> YOUR OBJECTIVE: Reproduce exactly the line with "Figure 2. Effect" and every line that follows it below, up to and including the last one. Do not include pictures or anything else.

DATA EXCERPT Block Start

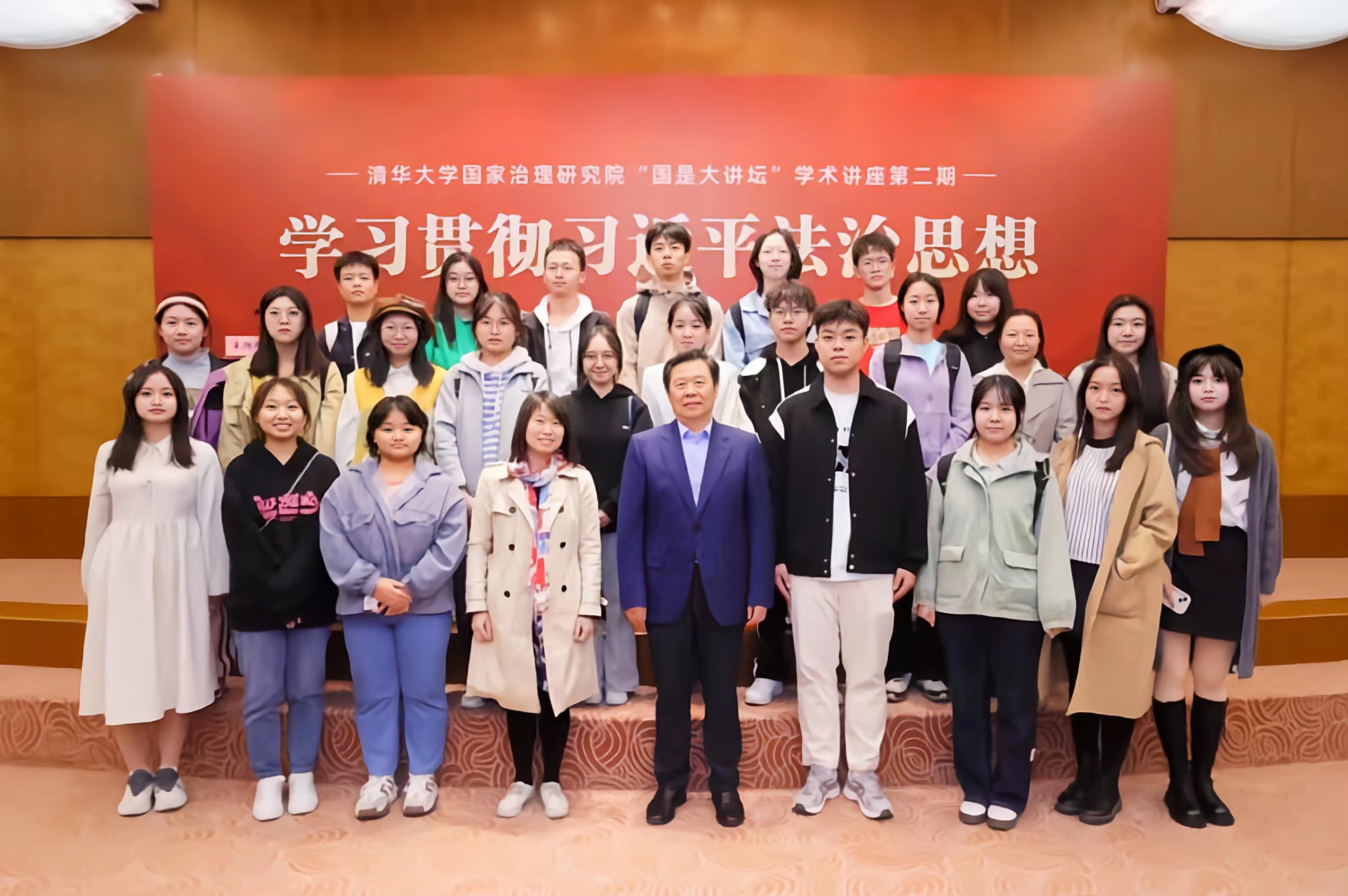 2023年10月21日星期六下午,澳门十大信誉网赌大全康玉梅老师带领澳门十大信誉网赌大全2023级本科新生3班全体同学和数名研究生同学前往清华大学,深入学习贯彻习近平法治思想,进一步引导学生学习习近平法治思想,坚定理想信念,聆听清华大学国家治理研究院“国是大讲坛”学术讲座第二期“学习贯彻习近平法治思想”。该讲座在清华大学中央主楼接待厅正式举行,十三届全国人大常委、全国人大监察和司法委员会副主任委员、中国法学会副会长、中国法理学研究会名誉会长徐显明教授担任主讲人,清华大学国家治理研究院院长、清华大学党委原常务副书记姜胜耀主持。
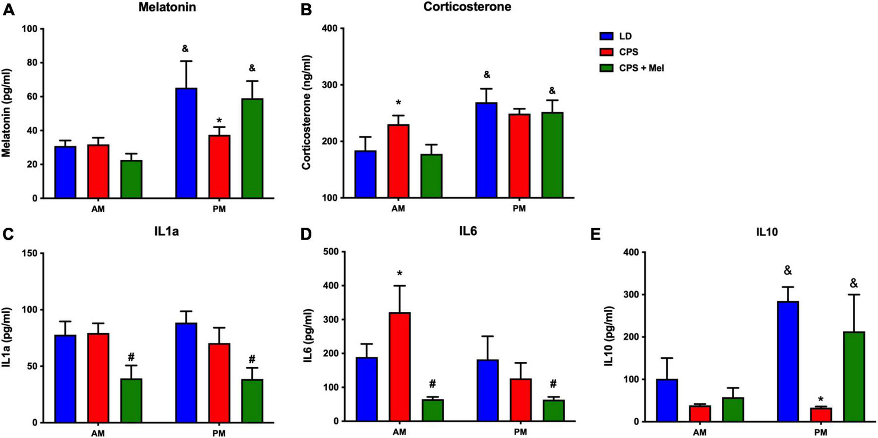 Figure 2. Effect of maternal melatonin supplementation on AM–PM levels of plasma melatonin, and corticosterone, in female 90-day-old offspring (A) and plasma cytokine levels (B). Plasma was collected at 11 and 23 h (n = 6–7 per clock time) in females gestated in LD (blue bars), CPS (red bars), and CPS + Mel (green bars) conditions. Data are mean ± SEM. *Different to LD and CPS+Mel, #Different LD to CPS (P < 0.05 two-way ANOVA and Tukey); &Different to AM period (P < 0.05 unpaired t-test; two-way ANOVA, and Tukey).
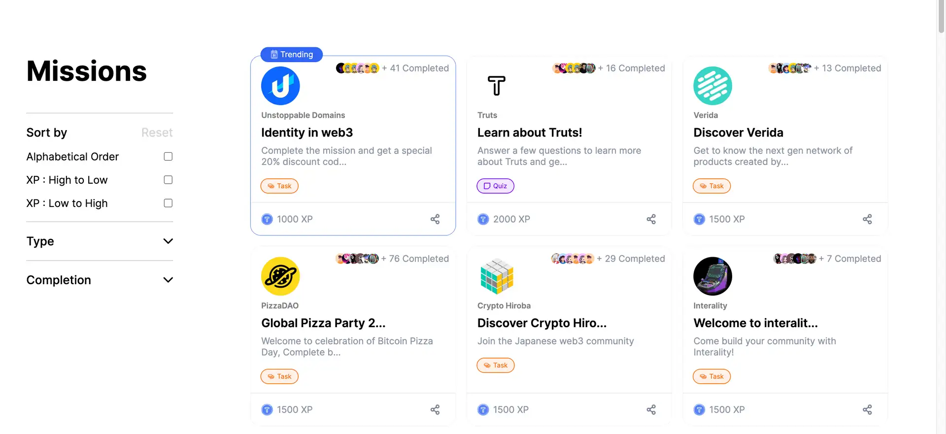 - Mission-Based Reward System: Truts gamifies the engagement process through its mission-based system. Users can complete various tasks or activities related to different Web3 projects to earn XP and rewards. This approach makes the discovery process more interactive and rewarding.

DATA EXCERPT Block End

> COMPLETED TASK:
 Figure 2. Effect of maternal melatonin supplementation on AM–PM levels of plasma melatonin, and corticosterone, in female 90-day-old offspring (A) and plasma cytokine levels (B). Plasma was collected at 11 and 23 h (n = 6–7 per clock time) in females gestated in LD (blue bars), CPS (red bars), and CPS + Mel (green bars) conditions. Data are mean ± SEM. *Different to LD and CPS+Mel, #Different LD to CPS (P < 0.05 two-way ANOVA and Tukey); &Different to AM period (P < 0.05 unpaired t-test; two-way ANOVA, and Tukey).
 - Mission-Based Reward System: Truts gamifies the engagement process through its mission-based system. Users can complete various tasks or activities related to different Web3 projects to earn XP and rewards. This approach makes the discovery process more interactive and rewarding.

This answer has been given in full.